The exam is closed book, closed notes, closed computer, closed calculator, except one hand-written 8.5” × 11”
sheet of notes of your own creation and the official midterm exam reference guide provided with the exam.
Mark your answers on the exam itself. We will not grade answers written on scratch paper.

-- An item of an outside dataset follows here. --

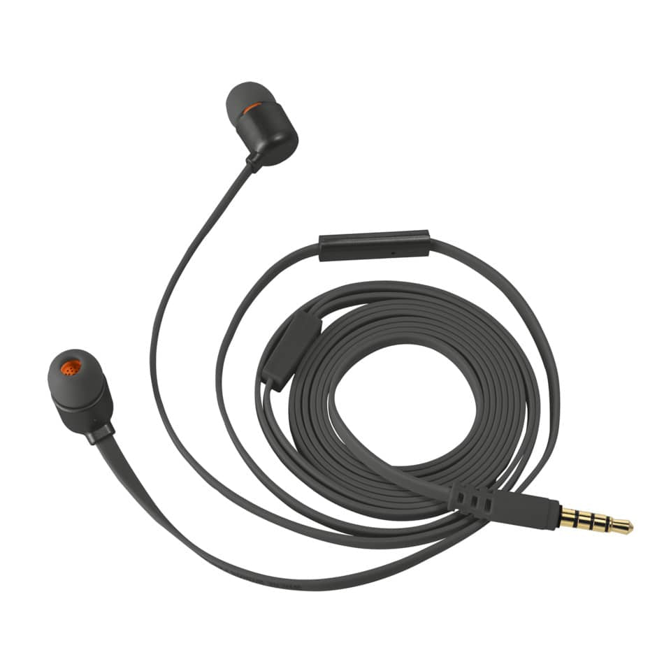 Auricolari in gomma morbida in 3 diverse misure, adatti per musica e telefonate. Cavo piatto che non si aggroviglia. Pulsante di risposta chiamata e microfono integrato. Colore nero.
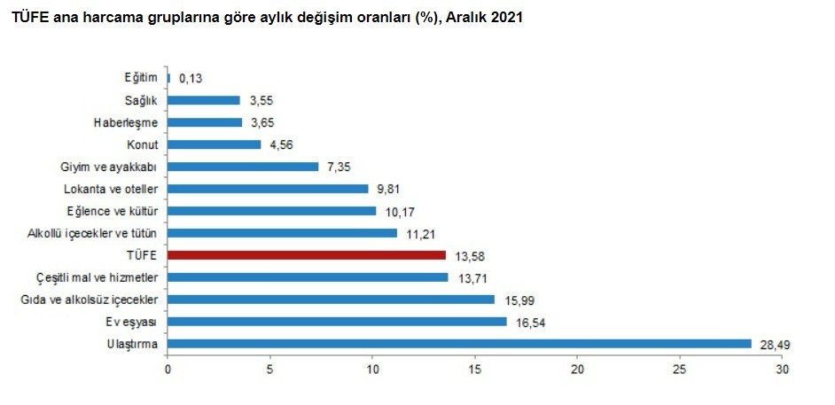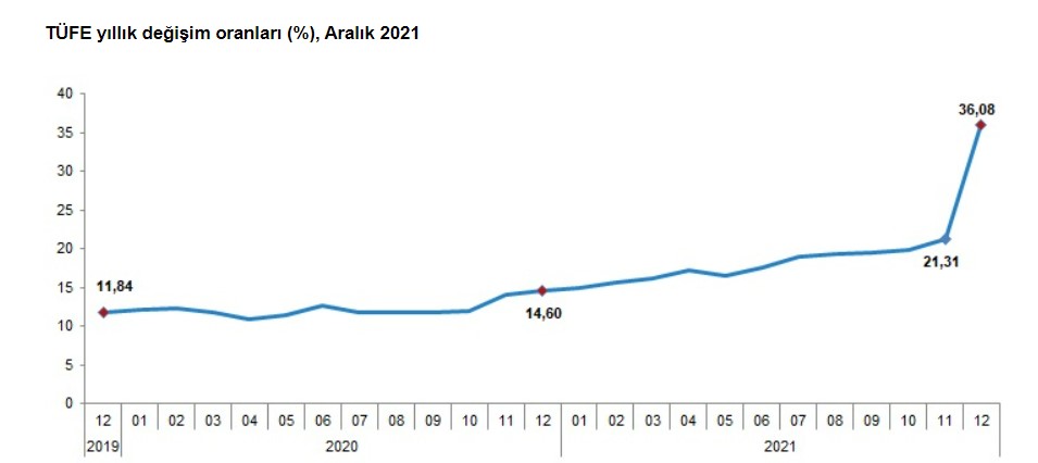 TÜİK’e göre Tüketici Fiyat Endeksi yıllık bazda yüzde 36,08 artarken aylık bazda yüzde 13,58 arttı. Gıda enflasyonu ise yüzde 15,99’dır.

For all Python code, you may assume that the statements from datascience import * and import numpy as np
have been executed. Do not use features of the Python language that have not been described in this course.
Last name
First name
Student ID number
Calcentral email ([email protected])
Lab GSI
Name of the person to your left
Name of the person to your right
All the work on this exam is my own.
(please sign)
2
1. (15 points) Histograms
We gathered a data set of US national parks, and plotted below a histogram of the size of these parks (in
thousands of acres). All bars are 100 wide. The area of the visible bars sum to 100%.
Calculate each quantity described below or write Unknown if there is not enough information above to express
the quantity as a single number (not a range). It’s OK to write your answer as a Python expression or an
unsimplified expression. You may need to estimate the height of bars visually; if so, make your best estimate.
Don’t show your work.
(a) (4 pt) The percentage of parks that are less than 100 thousand acres in size.
0.45 × 100 = 45%.
(b) (4 pt) The percentage of parks that are between 200 to 400 thousand acres in size (specifically, the range
[200, 400), i.e., at least 200 thousand acres and less than 400 thousand acres).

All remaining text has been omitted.